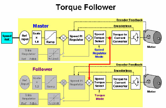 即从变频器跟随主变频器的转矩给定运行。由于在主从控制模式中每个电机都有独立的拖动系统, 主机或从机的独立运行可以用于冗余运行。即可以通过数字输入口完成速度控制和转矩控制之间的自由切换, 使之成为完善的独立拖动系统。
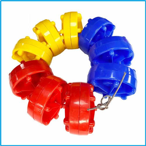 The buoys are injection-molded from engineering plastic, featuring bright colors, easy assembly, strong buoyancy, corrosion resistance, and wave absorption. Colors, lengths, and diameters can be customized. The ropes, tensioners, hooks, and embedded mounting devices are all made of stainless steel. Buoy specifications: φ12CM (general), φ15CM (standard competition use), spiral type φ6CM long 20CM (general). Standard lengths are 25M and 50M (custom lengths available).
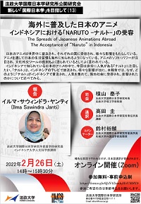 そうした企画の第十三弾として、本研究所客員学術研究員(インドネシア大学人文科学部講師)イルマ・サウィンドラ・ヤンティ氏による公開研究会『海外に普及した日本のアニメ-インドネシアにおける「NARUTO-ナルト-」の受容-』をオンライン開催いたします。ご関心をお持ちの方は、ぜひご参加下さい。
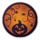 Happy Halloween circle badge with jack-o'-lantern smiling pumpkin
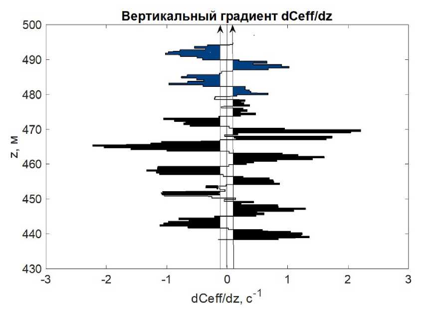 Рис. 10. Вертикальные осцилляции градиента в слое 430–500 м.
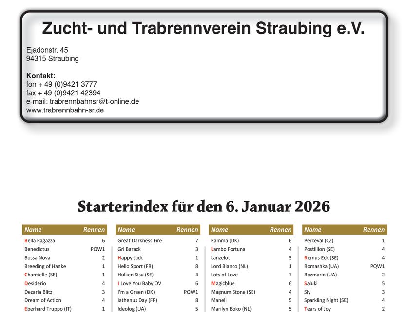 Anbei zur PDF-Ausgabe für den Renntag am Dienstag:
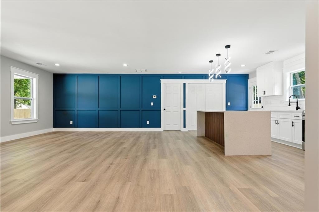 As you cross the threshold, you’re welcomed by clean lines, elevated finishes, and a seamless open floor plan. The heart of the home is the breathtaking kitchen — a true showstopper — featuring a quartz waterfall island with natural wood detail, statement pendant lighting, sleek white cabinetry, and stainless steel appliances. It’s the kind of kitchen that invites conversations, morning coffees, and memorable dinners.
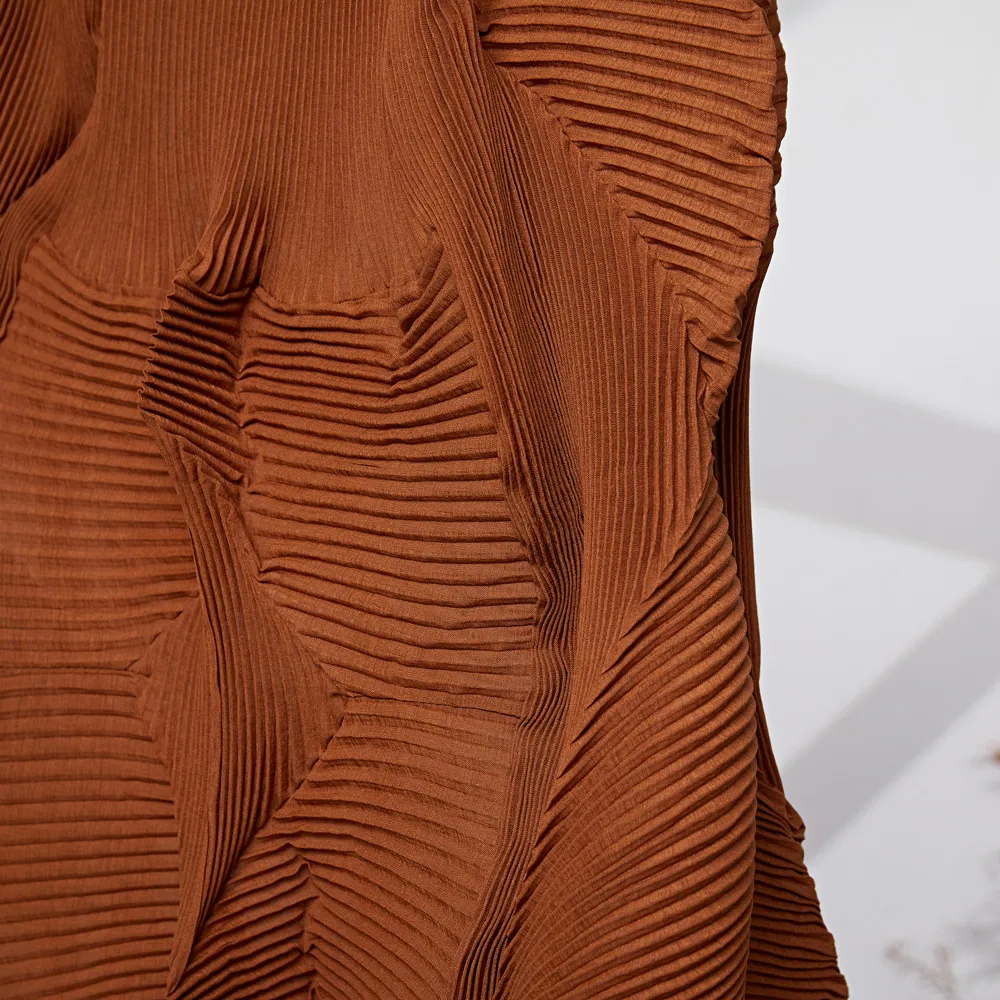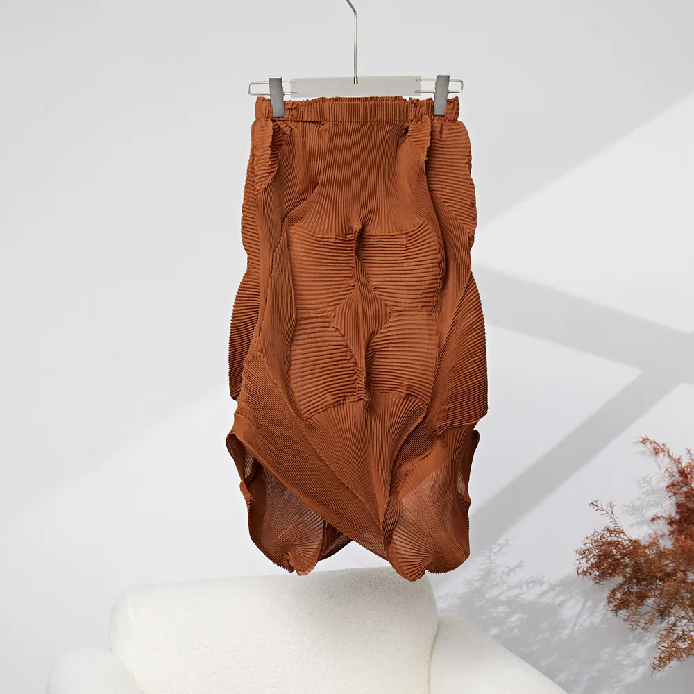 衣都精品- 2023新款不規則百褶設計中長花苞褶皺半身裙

__________

#### [EXERCISE]
Please give the data again unaltered, leaving out any images.

#### [TASK SOLUTION]
 即从变频器跟随主变频器的转矩给定运行。由于在主从控制模式中每个电机都有独立的拖动系统, 主机或从机的独立运行可以用于冗余运行。即可以通过数字输入口完成速度控制和转矩控制之间的自由切换, 使之成为完善的独立拖动系统。
 The buoys are injection-molded from engineering plastic, featuring bright colors, easy assembly, strong buoyancy, corrosion resistance, and wave absorption. Colors, lengths, and diameters can be customized. The ropes, tensioners, hooks, and embedded mounting devices are all made of stainless steel. Buoy specifications: φ12CM (general), φ15CM (standard competition use), spiral type φ6CM long 20CM (general). Standard lengths are 25M and 50M (custom lengths available).
 そうした企画の第十三弾として、本研究所客員学術研究員(インドネシア大学人文科学部講師)イルマ・サウィンドラ・ヤンティ氏による公開研究会『海外に普及した日本のアニメ-インドネシアにおける「NARUTO-ナルト-」の受容-』をオンライン開催いたします。ご関心をお持ちの方は、ぜひご参加下さい。
 Happy Halloween circle badge with jack-o'-lantern smiling pumpkin
 Рис. 10. Вертикальные осцилляции градиента в слое 430–500 м.
 Anbei zur PDF-Ausgabe für den Renntag am Dienstag:
 As you cross the threshold, you’re welcomed by clean lines, elevated finishes, and a seamless open floor plan. The heart of the home is the breathtaking kitchen — a true showstopper — featuring a quartz waterfall island with natural wood detail, statement pendant lighting, sleek white cabinetry, and stainless steel appliances. It’s the kind of kitchen that invites conversations, morning coffees, and memorable dinners.
 衣都精品- 2023新款不規則百褶設計中長花苞褶皺半身裙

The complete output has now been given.